Reaching across communities of color
One of the project’s first initiatives will digitally preserve a cache of Los Angeles Police Department records documenting a wide range of issues, ranging from on-the-ground enforcement of the war on drugs to entanglements between the police and immigration control. Lytle Hernández won access to those records in a legal settlement with the LAPD and was able to bring the records to UCLA with legal guidance from UCLA Library, which also provided access to a secure, climate-controlled location for the files.
“Without the UCLA Library, we would not have those records,” Lytle Hernández said.
A key element of the overall project will be that it encompasses research across several communities of color. That breadth will be critical to improving public awareness of Los Angeles as the epicenter of mass incarceration in the U.S., and it will highlight various ways in which biracial and people of color are disproportionately affected.
For example, Los Angeles is home to the nation’s largest urban population of American Indian people, and Native people are often misidentified or undercounted in studies of policing practices. That effectively erases them from the conversation about the effects of mass incarceration.
“Establishing this archive will not only help us better reckon with and redress this reality, but also illuminate the survival of Indigenous people and acknowledge their continued presence in and contribution to our communities,” said Shannon Speed, director of the UCLA American Indian Studies Center.
Making data sharable
As part of the project, UCLA scholars plan to make the archive available to the public by the end of the three-year grant period. The Mellon Foundation funding will enable UCLA to build a digital platform to be shared across the ethnic studies centers; that platform will both create the permanent home for the archive and build the centers’ capacity to maintain a wide range of digital collections focused on racial justice.

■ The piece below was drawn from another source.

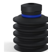
Referência da variação: 92 50NI 18D-2-F
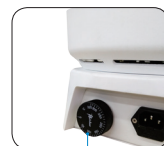
独立限温报警系统

“The new platform will catapult our centers into the digital future in knowledge-sharing and knowledge production,” said Karen Umemoto, director of the UCLA Asian American Studies Center.
Kelly Lytle Hernández/UCLA
The grant will provide new support for UCLA students learning to develop and preserve archival collections for other researchers and the public.
Million Dollar Hoods, the ethnic studies centers and experts from the community who regularly work with the public will train UCLA students to work with digital archives.
“Students will get hands-on experience in how both institutional and community-based archival collections are preserved, described and made accessible to the public,” said Chon Noriega, director of the Chicano Studies Research Center. “They’ll be on the front lines of helping make this history visible.”
With the grant, the Mellon Foundation becomes the first major foundation to fund a collaboration across all four of UCLA’s ethnic studies centers since 1969, when a grant from the Ford Foundation supported their establishment.
“We are grateful for the support of the Mellon Foundation and the UCLA administration to build out and sustain this initiative,” said David Yoo, vice provost of the Institute of American Cultures. “The archive will serve as an important hub for future racial and social justice research by our faculty and students in partnership with our communities.”